Sesampai di TKP keluarga yang punya hajatan sudah menunggu, tapi masih menanti
beberapa anggota keluarga lain. Saya memimpin ibadah dengan bantuan cahaya
senter dan lampu teras rumah tetangga. Ibadah berjalan aman, lancar, tertib dan
terkendali menurut definisi Jendral Wiranto – Panglima TNI masa lalu. Setelah
Ibadah kami masih diundang untuk duduk dan menikmati makanan. Mau dikategorikan
makan pagi masih terlalu subuh. Tapi tuan rumah menyediakan lengkap. Saya
memilih kopi dan kue. Lebih tepat untuk udara dingin dan waktu yang masih
seperti itu. Sedang asyik menikmati kopi saya mendengar bisik-bisik di
belakang. Lalu Fr. Nus mendekati saya dan berbisik, “ka’e tetangga sebelah ini
minta kalau boleh rumah mereka juga diberkati. Tetapi mereka protestan”. “oh
ya?? Boleh, kalau mereka mau”. Lalu kami berdua menuju ke rumah yang letaknya
di sebelah tempat peletakan batu pertama. Saya membuat ibadah singkat dan
memberkati rumah. Tuan rumah tampak sangat gembira dan berlang-ulang
mengucapkan terimakasih. Lalu, kami lanjut minum kopi. Hari beranjak terang.
Wajah-wajah yang tadi samar-samar kelihatan makin jelas. Dan di tengah
percakapan yang ceria pagi itu Fr. Nus mendekat dan menyampaikan kabar penting,
“KA’E BAJU KA’E TERBALIK!!”. Waduh rupanya karena terburu-buru, tak sempat
bercermin saya memakai baju terbalik. Fr. Nus mengambil inisiatif berpamitan
dengan alasan mau mempersiapkan diri untuk mengajar di sekolah. Kami melewati
fase krisis ini dengan elok. Kami pamit pulang membawa ole-ole dari tuan rumah
untuk rekan-rekan di pastoran. Begitu meninggalkan tempat kami ketawa berdua di
sepeda motor. Tragedi baju terbalik kami kenang sampai hari ini.

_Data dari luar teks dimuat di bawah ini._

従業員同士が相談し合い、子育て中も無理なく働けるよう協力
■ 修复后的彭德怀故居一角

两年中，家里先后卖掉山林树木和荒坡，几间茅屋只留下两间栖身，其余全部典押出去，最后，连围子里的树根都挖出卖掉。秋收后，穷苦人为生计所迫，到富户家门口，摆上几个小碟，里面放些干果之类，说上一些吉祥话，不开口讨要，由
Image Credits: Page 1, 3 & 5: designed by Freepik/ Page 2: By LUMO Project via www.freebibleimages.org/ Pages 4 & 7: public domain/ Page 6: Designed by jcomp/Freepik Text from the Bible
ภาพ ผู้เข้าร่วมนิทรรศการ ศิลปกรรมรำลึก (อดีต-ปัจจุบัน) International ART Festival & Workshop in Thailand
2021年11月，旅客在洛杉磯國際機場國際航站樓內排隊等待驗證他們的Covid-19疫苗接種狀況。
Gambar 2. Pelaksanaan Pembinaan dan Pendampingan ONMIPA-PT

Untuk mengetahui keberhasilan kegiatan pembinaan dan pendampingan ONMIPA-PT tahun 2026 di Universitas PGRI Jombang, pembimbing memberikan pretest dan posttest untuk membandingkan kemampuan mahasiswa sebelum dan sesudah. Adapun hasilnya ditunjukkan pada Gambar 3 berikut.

Hari ini, 28 Januari 2016, Fr. Nus – sekarang Romo Nus –
memperingati lima tahun imamat. Lustrum perdana. Tadi pagi saya mengucapkan
selamat di dinding facebooknya : “Selamat hut imamat aji (=adik). Saling
mendoakan”. Dibalas: “trimakasih kae (=abang). ‘tragedi baju terbalik’ adalah
salah satu pengalaman unik yang ikut berperan menghantar saya ke Imamat Kristus
ini.. hehehe”. Saya balas : “Nus dunia boleh jungkir balik anggo hita hot di Kristus, hot di
aturan (=kita tetap setia kepada Kristus, setia kepada aturan).
Memakai baju terbalik – walaupun tanpa disengaja – mungkin memalukan.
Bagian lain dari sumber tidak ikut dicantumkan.